## The task
Could you write out the listing below exactly as it stands, leaving out the pictures?

## Information shown
+ + + +

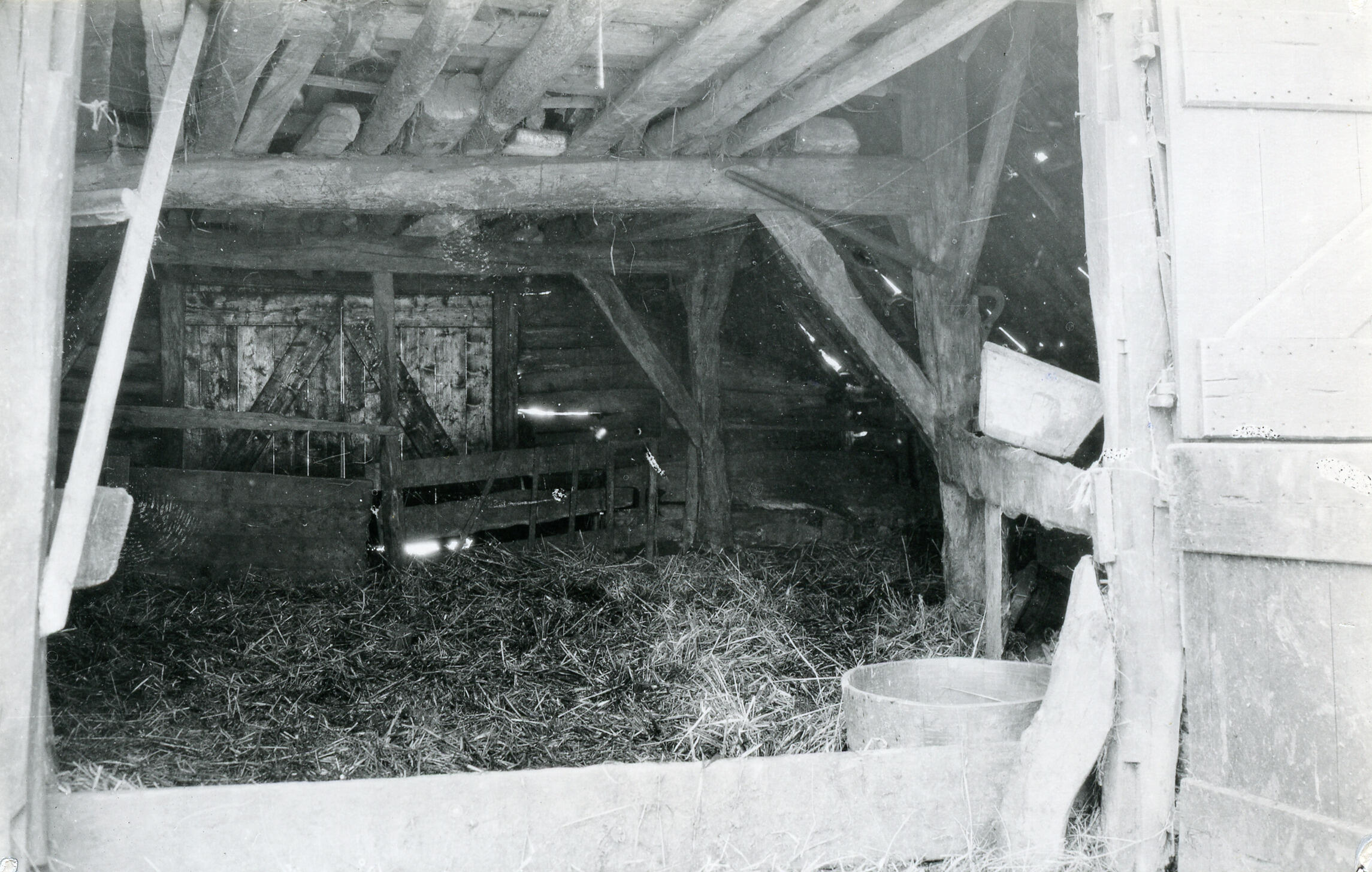 Interieur van een schaapskooi, Rhenen, 1938 (zwart-w...
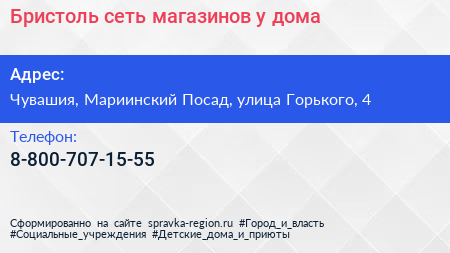 Бристоль, сеть магазинов у дома по адресу Чувашия, Мариинский Посад, улица Горького, 4 в дальнейшем Организация, размещена в следующих категориях:
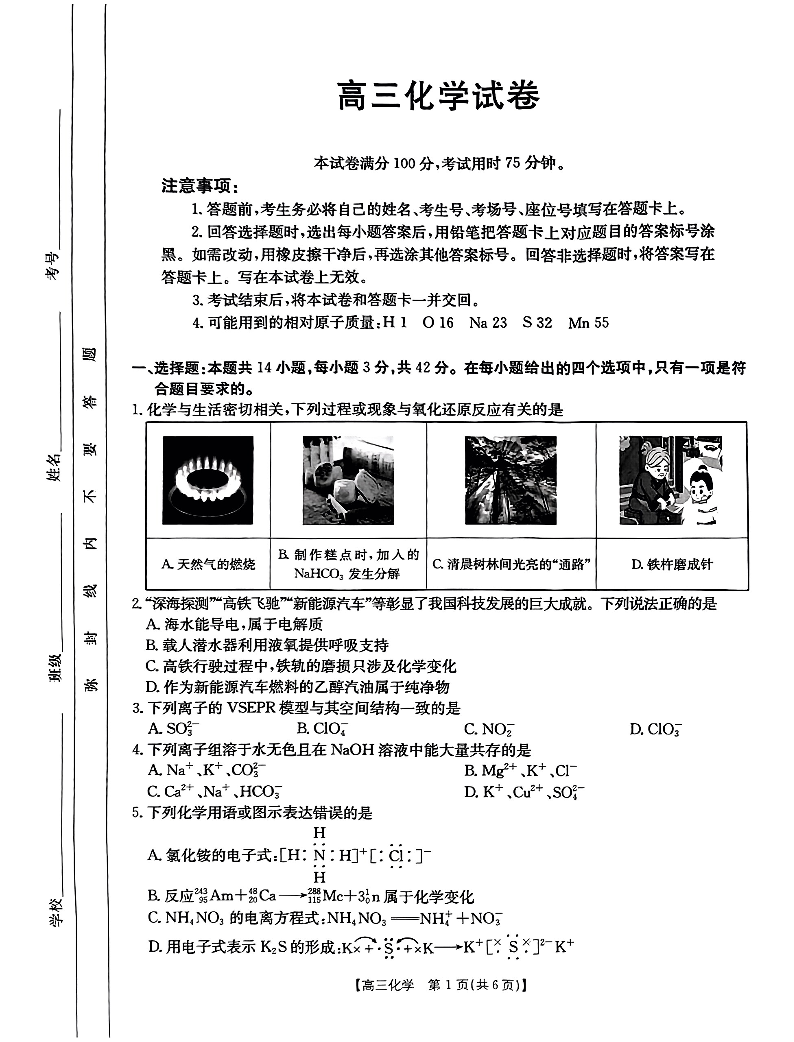 青海省部分学校2025届高三12月大联考 化学答案

+ + + +

## Expected answer
 Interieur van een schaapskooi, Rhenen, 1938 (zwart-w...
 Бристоль, сеть магазинов у дома по адресу Чувашия, Мариинский Посад, улица Горького, 4 в дальнейшем Организация, размещена в следующих категориях:
 青海省部分学校2025届高三12月大联考 化学答案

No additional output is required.